Vrik y el príncipe se apartaron del resto de los jinetes y se asomaron a la terraza del cerro sobre Amhor.

—Tenías razón, Brahmo, hay centenares de silvanos en el Sur de Koria dispuestos a combatir en cuanto se lo ordenes. Nadie los ha avisado, nadie los ha convocado, pero saben que los necesitas.

Vrik dejó su frase colgada en el aire, pendiente del hilo de un interrogante mudo.

—Poseen una sutil percepción de las cosas, no te extrañes —respondió Brahmo restando importancia a la cuestión—. ¿El Cinturón Fértil…?

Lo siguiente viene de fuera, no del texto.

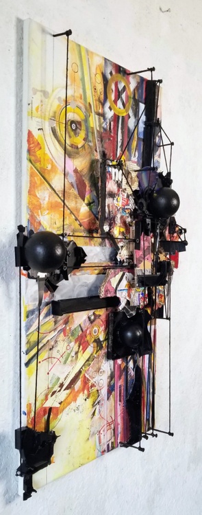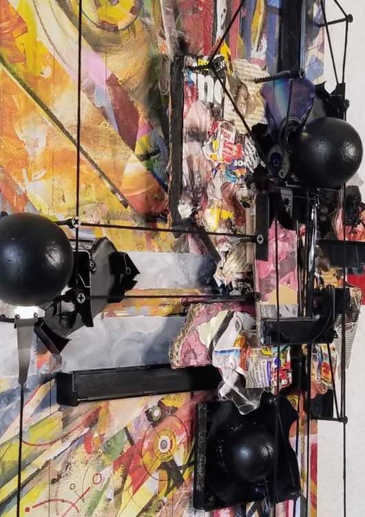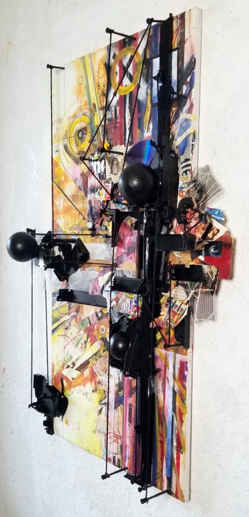 mixed media: acrylic paint, pen, string, styrofoam, paper collage, broken cd, mesh, nails, broken cassette on stretched canvas. 30" x 20" x 4" KNewArt '24 $2500.00

—Por ahora es tuyo. Ednok ha dicho la verdad. Hay un ejército enemigo amenazándolo por el Sur y tribus aliadas reclutadas por Leb Imôl-Merkhu preparadas para defenderlo. Dama Esha te envía sus bendiciones; dice que con sólo oír tu nombre recobra la vida, y es verdad. He hablado con Elthen de Thúbal; ha perdido a sus dos hermanos.

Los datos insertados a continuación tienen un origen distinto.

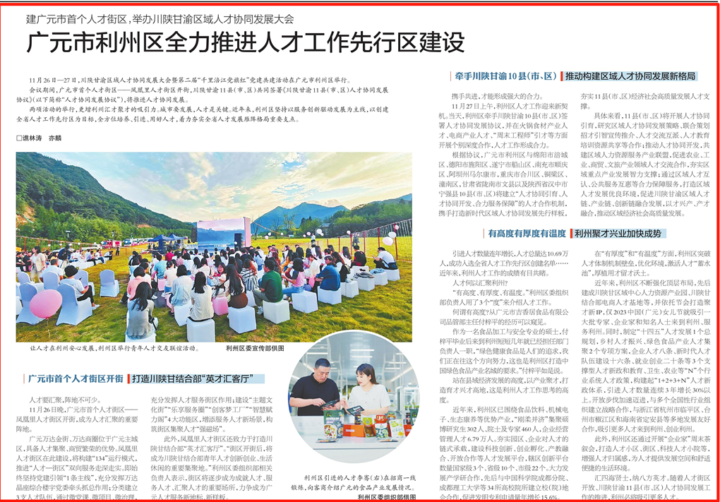11月29日,《四川日报》9版关注广元市利州区人才工作。近年来,利州区已围绕食品饮料、机械电子、生态康养等优势产业,“刚柔并济”集聚硕博研究生302人、院士及专家460人,企业经营管理人才6.79万人。

—Honrarán las legiones de los dioses; eran hombres espléndidos. Álmor y Elthen, que honran las mías, los añorarán.

—Otro de los logros de Leb: ha introducido en la capital trescientos guerreros de Mankan, supuestamente aliados de tus enemigos. En cuanto reciban la orden, atacarán la ciudadela.

El rostro de Brahmo era sombrío.

—¿Qué más? —inquirió.

—Mira allí, aquel grupo de aldeas… Ahí está el grueso de las tropas de Akis. No verás tiendas ni nada que las delate. Ocupan las casas y los graneros e intentarán atenazarnos entre sus filas y la capital en cuanto nos acerquemos a los muros de Eben. Pero más al Sur… mira, a unas veinte millas de allí, está el Dárdan con más de un millar de hombres.

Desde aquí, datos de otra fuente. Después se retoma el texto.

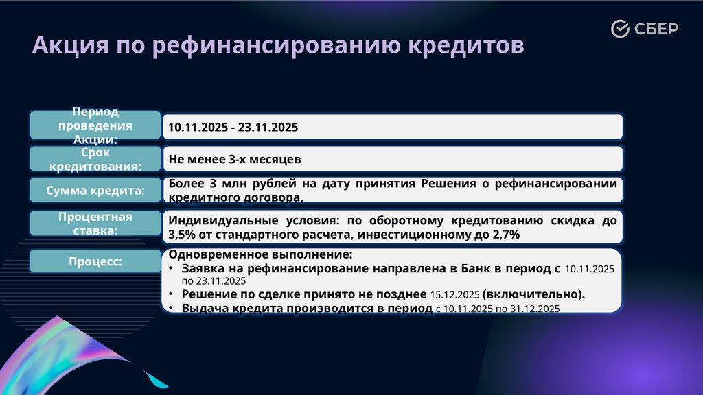 • Заявка на рефинансирование направлена в Банк в период с 10.11.2025

—El tablero está dispuesto —sonrió Brahmo con amargura—. Basta alzar la mano para llamar a la Muerte y arrojar a la pira el reino.

—¿Hay otra vía, príncipe? —repuso Vrik con franca exaltación—. ¿Quién, en el camino de perfección, puede evitar la llama purificadora?

—Ni hombre, ni pueblo, ni imperio, Vrik. Pero ¿puede decirse aún que Eben no se haya bañado en el fuego? Sólo me pregunto si este tramo final del camino sería posible sin el holocausto de tantas vidas.

—¿Cómo?

—Aún no lo sé, Vrik, pero pesa sobre mí un presentimiento.

El sol llenaba poco a poco la mañana turquesa del nuevo día, lanzando el oro de su luz hasta los curvos confines del orbe. El aire parecía ausente en la transparencia prístina del aire y las aves, lentas, calmas, etéreas, libres, sublimes, volitaban con majestad de ángeles, como si al separarse de la tierra hubieran dejado el instinto muerto en ella y extinguidas sus ansias animales.

—Vamos —ordenó Brahmo haciendo dar media vuelta a su caballo de montaña.

El grupo descendió del otero por la ladera Oeste, avanzó por caminos que dos días de fuertes lluvias habían embarrado, borrado casi, y tras dos horas de marcha hacia el Sur y el Poniente alcanzó la herradura de colinas donde el príncipe había fijado su campamento. Allí la Naturaleza los afortalaba, los vigías dominaban el territorio desde las cimas más altas y arroyos bajaban de las coronas de los tesos tributándose a una pequeña laguna azul, orillada por esbeltos cedros blancos. Había allí verde para los animales, y era lugar de pastoreo, y Brahmo hizo llamar a los cabreros de la cabaña real.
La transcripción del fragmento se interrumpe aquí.